The consultancy, Cornwall Insight, said on Tuesday that the price cap for energy bills could hit £4,266 for the first quarter of 2023.
This is higher than their previous observation and comes hard on the heels of the announcement that the energy regulator Ofgem will now review the price cap every three months.
Every time I see the words ‘price cap’ or ‘Cornwall Insight’ my heart sinks and not just because it would appear to be an inevitable precursor to more financial heartache for some and destitution for others.
Let’s be clear.
Millions of people can’t pay energy costs of £4,266 per year. If you rely solely on the state pension or Universal Credit or are in a low-paid job, you can’t pay what you don’t have.

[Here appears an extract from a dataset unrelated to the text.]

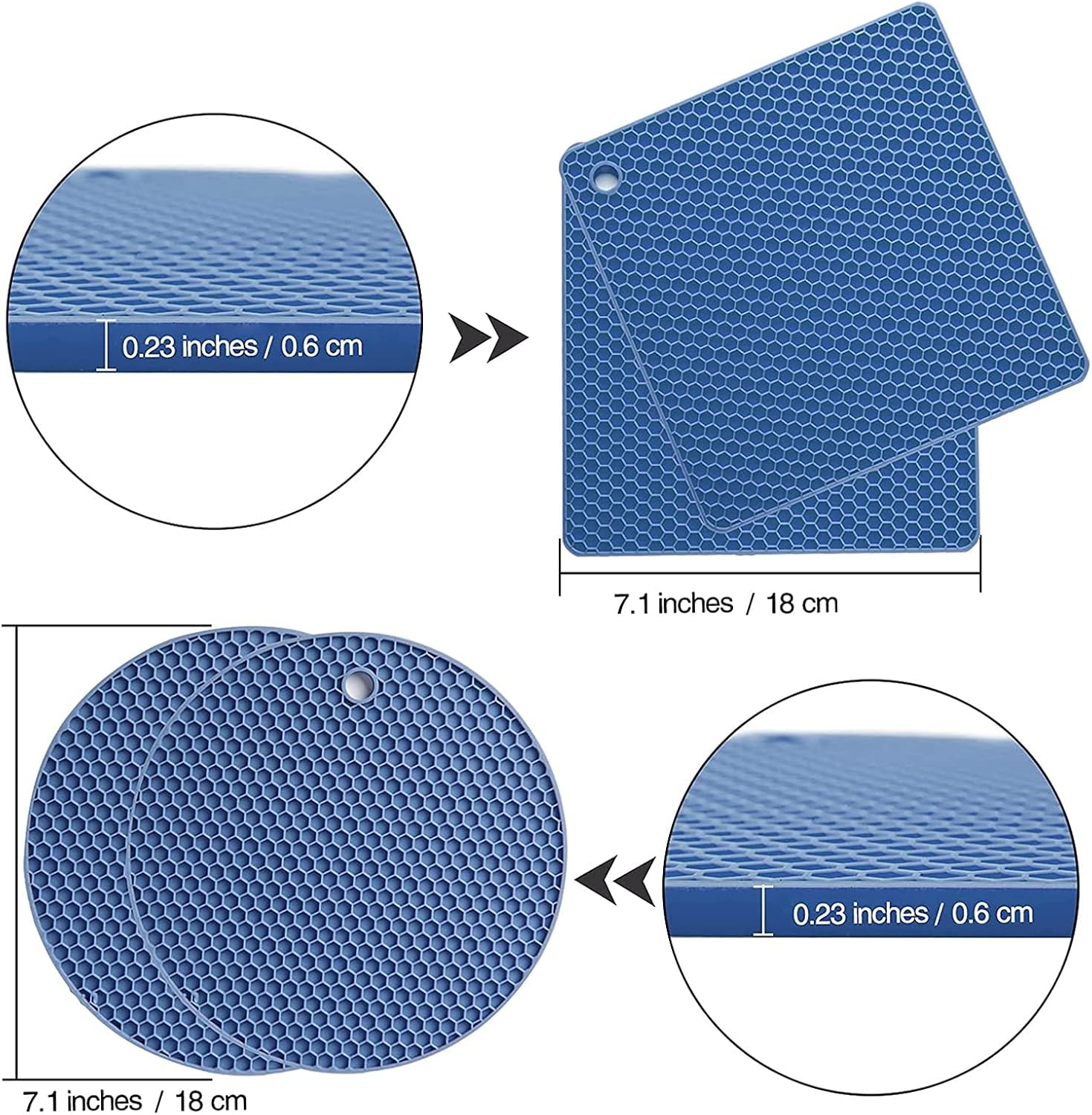 - CIRCLE AND SQUARE SILICONE POT HOLDER: Protect your hands, pans, and countertops with our silicone trivet pack that includes 2 round and 2 square honeycomb silicone pot holders.

Even allowing for the package of measures announced by former chancellor Rishi Sunak, bills of this magnitude won’t be paid.
They won’t be paid, not as an act of defiance, but for the simple reason you can’t pay when your reserves are exhausted.
Some context…
The definition of fuel poverty is measured differently in the constituent nations of the UK.
In Scotland, you are deemed to be in fuel poverty if you spend more than 10% of your disposable income on energy after deducting what is spent on housing costs.
Currently, 25% of households in Scotland are in fuel poverty.
However, according to the Child Poverty Action Group (CPAG), that could rise to an astonishing 61% in 2023 if the predictions of Cornwall Insight come true.
Throughout the UK, the CPAG estimate that 15 million households will be in effective fuel poverty.
Let that sink in, 15 million, over half of all households.
Alarmingly they estimate this will affect 80% of large families and lone parent and pensioner couple households.
Given the pronouncements from the regulator, it would appear it is not a matter of if but when these statistics become a reality.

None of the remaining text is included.